2. Constructo de ADN recombinante según la reivindicación 1, en el que el aptámero se une a un ligando de molécula pequeña.
3. Constructo de ADN recombinante según la reivindicación 1 o la reivindicación 2, en el que la secuencia efectora comprende una secuencia adicional que es capaz de formar un tallo cuando el aptámero se une al ligando.
4. Constructo de ADN recombinante según la reivindicación 3, en el que la región efectora comprende una secuencia formadora de tallo que presenta de 9 a 11 pares de bases, que opcionalmente comprende, además, una secuencia formadora de tallo con una o más bases desapareadas en el tallo.
5. Constructo de ADN recombinante según cualquiera de las reivindicaciones 1 a 4, en el que el sitio de unión de la snRNP U1 se selecciona del grupo que consiste en CAGGTAAGTA, CAGGTAAGT y CAGGTAAG.
6. Constructo de ADN recombinante según la reivindicación 1, en el que el constructo de ADN recombinante comprende dos o más interruptores ribosómicos localizados en la UTR 3' del gen diana en el lado 5' de la señal de poliadenilación, en donde cada interruptor ribosómico comprende una región efectora y un aptámero, en donde la región efectora comprende un sitio de unión de snRNP U1 y una secuencia complementaria al sitio de unión de snRNP U1.
7. Constructo de ADN recombinante según la reivindicación 6, en el que
(a) los dos o más interruptores ribosómicos comprenden cada uno un aptámero que se une al mismo ligando, o
(b) los dos o más interruptores ribosómicos comprenden diferentes aptámeros que se unen a diferentes ligandos.
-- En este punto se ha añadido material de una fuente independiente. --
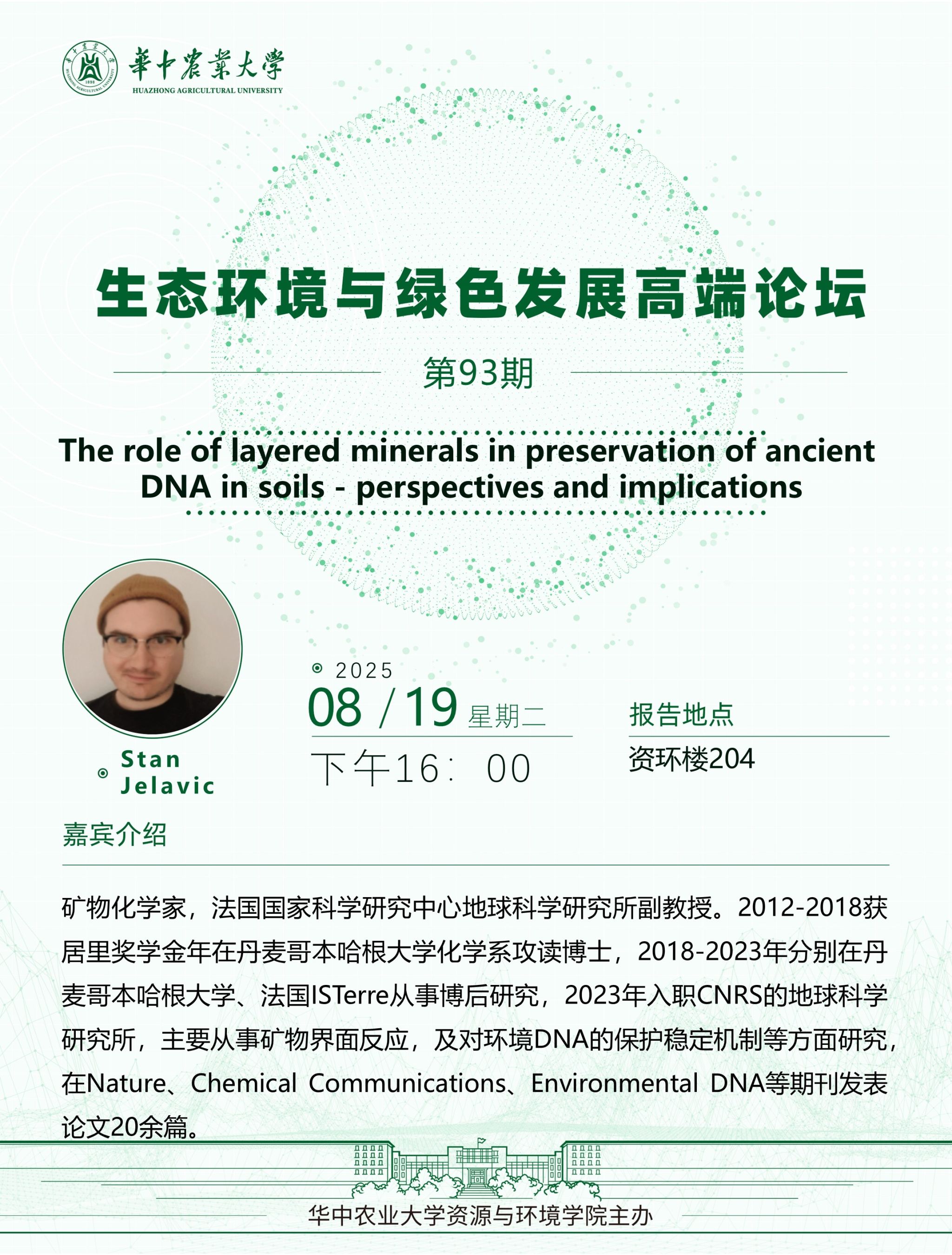 【高端论坛】第93期:The role of layered minerals in preservation of ancient DNA in soils - perspectives and implications
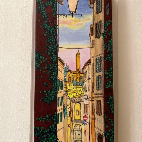 Nydelig lite eldre italiensk oljemaleri på lerret med gullramme i tre selges for kr. 550,-. Rammemål 34x28 cm. Kan sende dersom kjøper betaler frakt (69,- med sporbar pakke).

8. Método para modular la expresión de un gen diana, que comprende:
(a) insertar uno o más casetes de polinucleótido en la UTR 3’ de un gen diana, en donde el casete de polinucleótido comprende un interruptor ribosómico, en donde el interruptor ribosómico comprende una región efectora y un aptámero, en donde la región efectora comprende un sitio de unión de snRNP U1 y una secuencia complementaria al sitio de unión de snRNP U1,
(b) introducir el gen diana que comprende el casete de polinucleótido en una célula, y
(c) exponer la célula a un ligando que se une específicamente al aptámero en una cantidad eficaz para incrementar la expresión del gen diana.
9. Método según la reivindicación 8, en el que el ligando es una molécula pequeña.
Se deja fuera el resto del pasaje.